Programmiert wird meißt über einen seperaten Rechner.

Das du ein blaues Symbol hast schön, zeigt die an , das die Runtim installiert ist.

Eigenlich kannst du ganz normal loslegen...

MfG CAS


----------



## Tyler-Durden (13 Juli 2011)

achso dann war das ein verständnisproblem. dachte ich kann auf dem cx auch nochmal änderungen vornehmen und so. schade eigentlich :/ ^^


----------



## cas (13 Juli 2011)

geht wohl...

du mußt halt Twincat auf dem CX installieren...

MfG CAS


----------



## SPSDAU (13 Juli 2011)

Auf einem CX1020-0121 sollte aber TwinCAT bereits drauf sein. Es klingt daher nicht sehr glaubwürdig das da dran keiner gefummelt hat.


----------



## trinitaucher (13 Juli 2011)

SPSDAU schrieb:


> Auf einem CX1020-0121 sollte aber TwinCAT bereits drauf sein. Es klingt daher nicht sehr glaubwürdig das da dran keiner gefummelt hat.


Quatsch.
Da ist nur lediglich die Twincat "Runtime" drauf (lies mal was beim Produktschlüssel steht :http://beckhoff.de/default.asp?embedded_pc/cx1020.htm).
Nur halt kein System Manager oder PLC Control. Deswegen auch die Fehlermeldung beim Versuch diese zu öffnen.


----------



## SPSDAU (13 Juli 2011)

Ich wäre Vorsichtig mit dem Begriff Quatsch das schlägt leicht auf einen zurück.

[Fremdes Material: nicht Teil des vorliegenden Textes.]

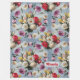 It's a fleece blanket with an illustration of a variety of flowers. There are roses, daisies, lilies, and tulips in different colours like red, white, yellow, and pink. The flowers are arranged in a circular pattern, with the largest flowers at the centre and the smaller flowers gradually getting smaller as they move outward. The background is a light blue sky with fluffy white clouds.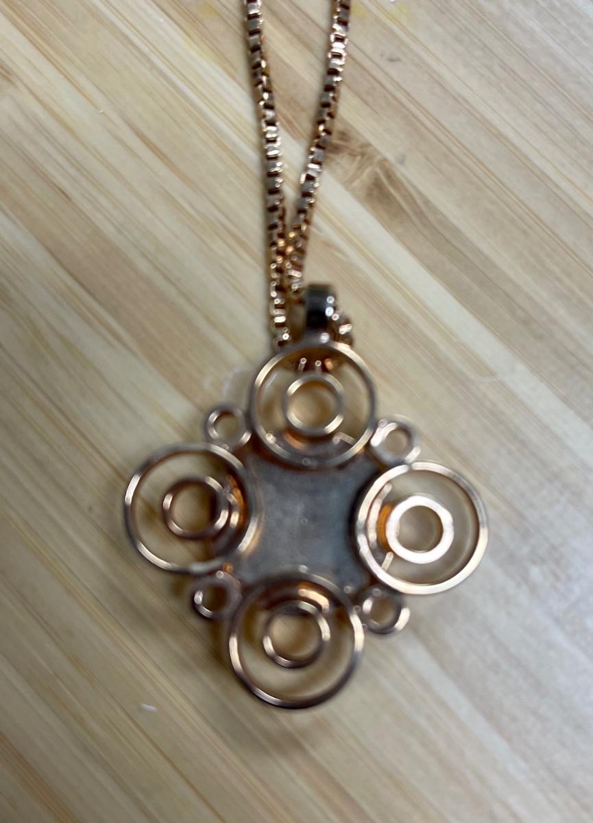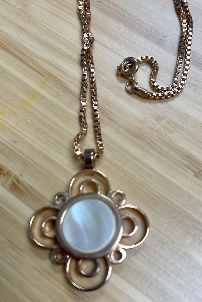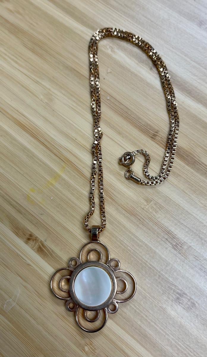 Pendant Necklace 18" chain, gold-tone with pearl-like stone center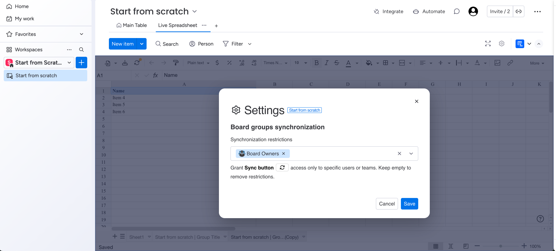Users can sync updates made to a board group after it was imported to Live Spreadsheets. They can only sync data that they are allowed to view in the monday.com board.

Die Bezeichnung -0121 sagt bei der Bestellung und dem Preis aus das ein Embedded Standard + eine vollwertige TC Lizenz drin ist. Der Begriff Runtime ist da irreführend da dies eigentlich nur aussagt das unter CE das Betriebsystem und TC verbundelt ist. Jedoch hast Du auch dort das komplette TC drauf kannst es aber nur über ein Image bestehend aus CE und TC selbst drauf bringen.

Unter Embedded könntest Du selbst TC installieren jedoch ist dies bei -0121 Werksseits bereits geschehen.


----------



## Tyler-Durden (14 Juli 2011)

da habe ich ja eine diskussion angeregt =)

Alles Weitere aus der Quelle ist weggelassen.